Design/methodology/approach – This study is designed to build on prior IPO research that has found reduced R&D expenditures when insiders lower their ownership. The paper derives an R&D manipulation variable that measures underinvestment in R&D. This variable is used in a regression methodology to test its influence on: IPO stock valuation at various points in time and post-IPO price changes relative to the offer price.
Findings – The paper discovers that greater underinvestment in R&D is associated with greater values during the IPO stock valuation process. This association is reversed when the paper looks at short-term valuation based on market prices. Only for bubble period IPOs do the paper finds poorer valuations for the long-term. Larger insider ownership decreases lead to poorer valuations regardless of the period of occurrence. Greater R&D underinvestment and insider ownership decreases both lead to less underpricing.

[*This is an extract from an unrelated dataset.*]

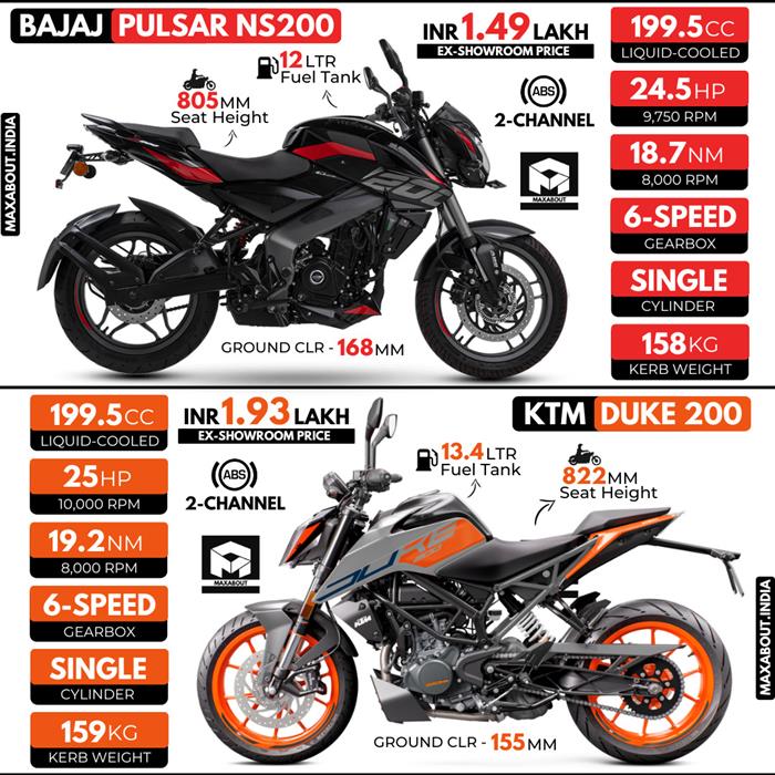 Maxabout KTM Duke 200 vs. Bajaj Pulsar NS200 Specifications

Research limitations/implications – Like prior research, the paper assumes that knowledge about the change in R&D is known at the time of the offering. Interpretations for long-run results can be tenuous due to unexpected changes that occur over time.

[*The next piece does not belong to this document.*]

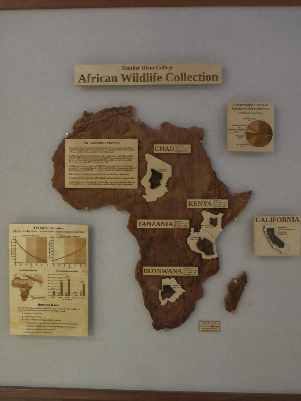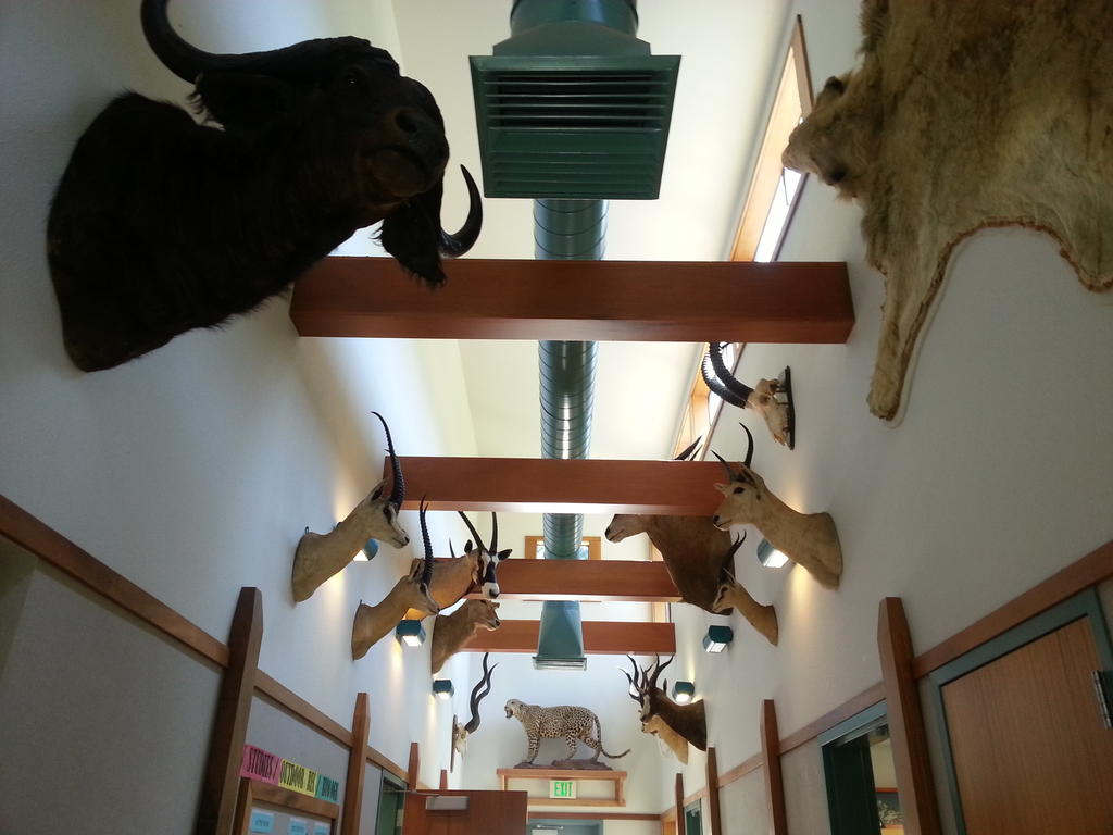 In 2015, two amazing collections of African wildlife were donated to FRC by Berger and Carole Benson and the Jim Codding Family from their safaris to Kenya Chad, Tanzania, Botswana, and South Africa in the 1950s, 1960s and 1970s. The exhibit, housed in the Science Building, contains 48 individuals from 34 species and is open to the public. "A Cut Above" sign company donated a beautiful interpretive sign that hangs in the hallway and tells many stories about the collection. Click on a photo to see more.

Practical implications – Investors should note that managers are able to set higher offer prices when they inflate earnings by underinvesting in R&D. Buying at an inflated offer price with R&D manipulation leads to losses in the aftermarket with these losses associated with IPOs that occur during a bubble period.
Social implications – Misrepresentation during the IPO valuation process affects those who buy shares at inflated prices. This raises ethical questions about the behavior of those involved in the issuance process.
Originality/value – This study is unique in testing how R&D manipulation and changes in insider ownership proportions impact the: IPO valuation process, post-IPO valuation, and changes in the stock price over time relative to the offer price.